Alacaklı … A.Ş. vekili istinaf dilekçesinde, öncelikle mahkemece verilen geçici mühlet ve kesin mühlet kararlarının usul ve yasaya aykırı olduğunu, konkordato tasdik projesi kapsamında kalan tüm borçların tasdik kararının kesinleşmesinden itibaren 5 yıl içerisinde 2’şer aylık taksitlerle ödenmesinin alacaklıların zararına olacağını, mahkemece bildirdikleri alacaklarının değil, borçlu firmanın kayıtlarında yer alan tutarın nisaba esas alındığını, konkordato isteyen … için kabul edilen projede kefalet alacaklarına yer verilmediğini, müvekkili banka lehine tesis edilmiş ipotek bulunmasına rağmen ön projede ve konkordato komiserler kurulu raporlarında rehinli alacak olarak değerlendirilmediğini, mahkemece İİK 307. maddesinde sayılan şartlar oluşmadığı halde rehinli malların muhafazası ve satışının tasdik tarihinden itibaren 1 yıl süre ile ertelenmesine karar verildiğini belirterek, İlk derece Mahkemesi kararının kaldırılmasına ve istemcilerin konkordato taleplerinin ayrı ayrı reddine karar verilmesini istemiştir.

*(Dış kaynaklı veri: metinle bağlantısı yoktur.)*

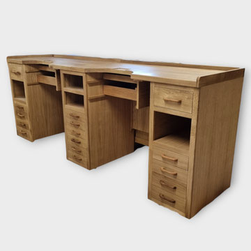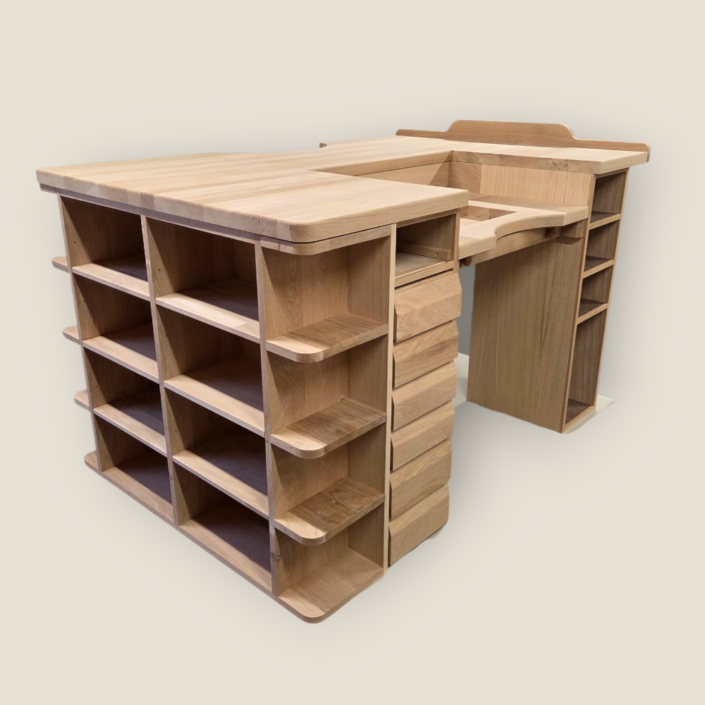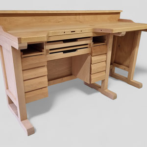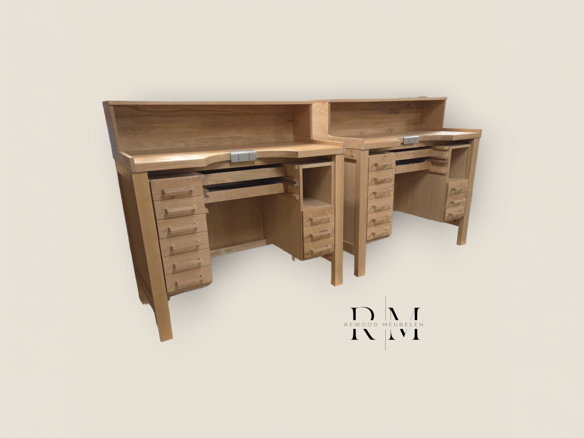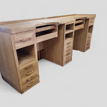 Op maat gemaakte edelelsmid werkbank Eik met 2 verschillende werkplakken met lades op gelagerde geleiders.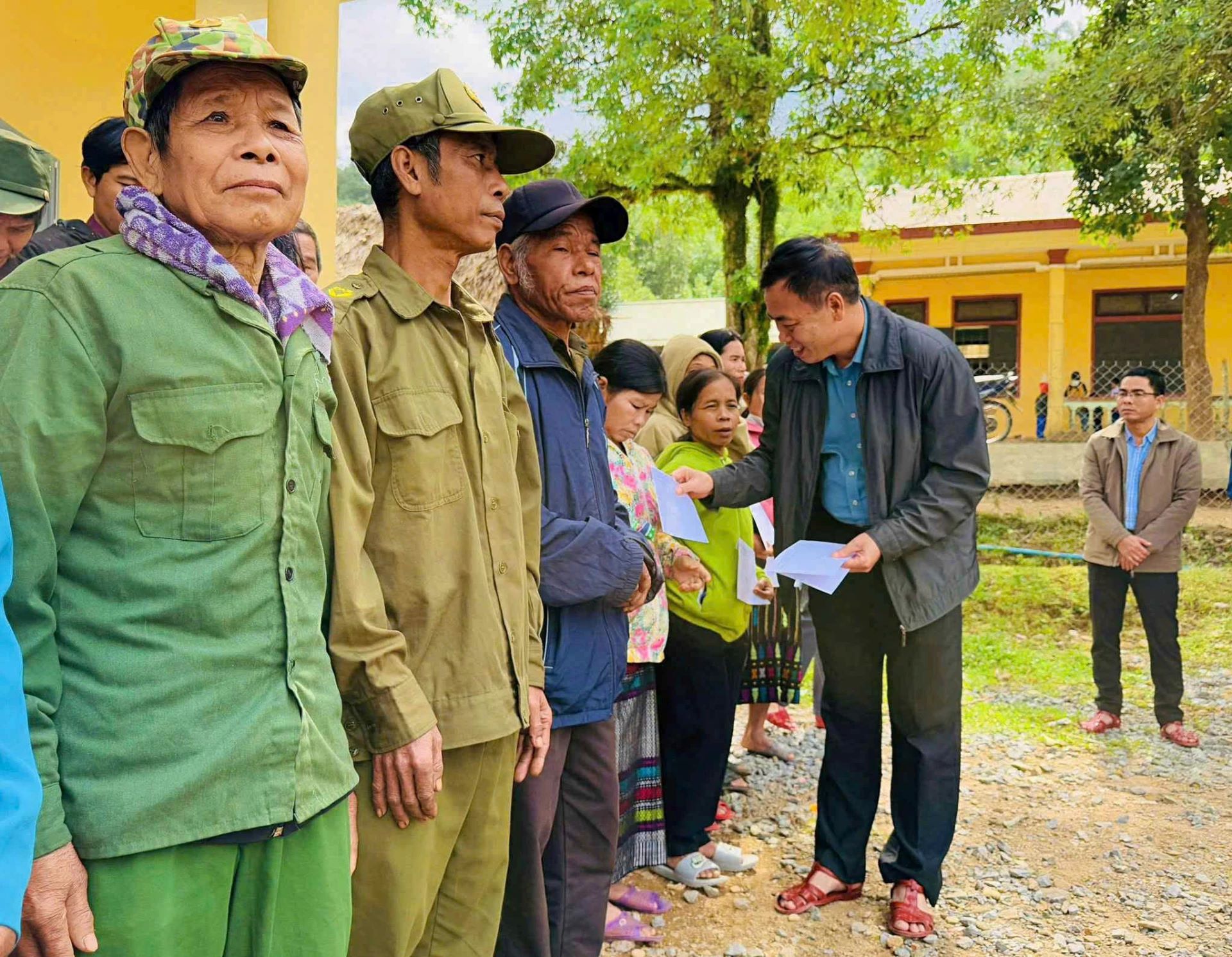 Nhân dịp này, đồng chí Nguyễn Đăng Quang, Phó Bí thư Tỉnh uỷ, Chủ tịch HĐND tỉnh trao tặng 30 suất quà cho các hộ gia đình có hoàn cảnh khó khăn trên địa bàn xã. Đồng thời, đoàn công tác đã đến thăm, động viên và trao quà cho đội ngũ thầy cô giáo cùng các em học sinh tại thôn Cát, Trỉa, thể hiện sự quan tâm sâu sắc đến đời sống Nhân dân và sự nghiệp giáo dục vùng biên giới.

Alacaklı T. … A.Ş. vekili istinaf dilekçesinde; müvekkili Bankaca bildirilen konkordato isteyen …’dan olan alacaklarının nisapta hiç bir şekilde dikkate alınmadığını, …’nın diğer istemci şirkete kullandırılan kredilere müteselsil kefil sıfatıyla imza attığını, … firması yönünden bildirilen tüm alacaklarının rehinli olarak tespiti sağlanmış olmakla birlikte diğer istemcinin müvekkili Bankaya olan ve bildirilen kefalet borcunun dikkate alınmadığını, …’nın konkordatosunun tasdiki için İİK’da öngörülen yasal koşulların oluşmadığını, bilirkişi raporlarında istemci … yönünden İİK’nın 305. maddesinde yer alan koşulların gerçekleşip gerçekleşmediği hususuna yer verilmediğini, konkordato ile teklif edilen tutarın borçlu …’nın kaynakları ile orantılı olup olmadığı hususunun incelenmediğini, …’nın projesinin ciddi ve inandırıcı olmadığını, kaldı ki …’nın konkordato projesinin tasdiki için yasanın öngördüğü alacak ve alacaklı çoğunluğunun kabul oyu sağlamamasına rağmen eksik nisap ile tasdik yönünde hatalı karar verildiğini, öte yandan öngörülen vadenin hayatın olağan akışına aykırılık teşkil edecek ve alacaklıların zararına neden olacak derecede uzun olduğunu, borçlu …’nın konkordato talebinin İİK’nun 286, 287. ve ilgili diğer maddelerinde yer alan yasal düzenlemelere uygun bulunmadığını belirterek, İlk derece Mahkemesinin istemci … hakkındaki kararının kaldırılmasına ve istemin reddine karar verilmesini istemiştir.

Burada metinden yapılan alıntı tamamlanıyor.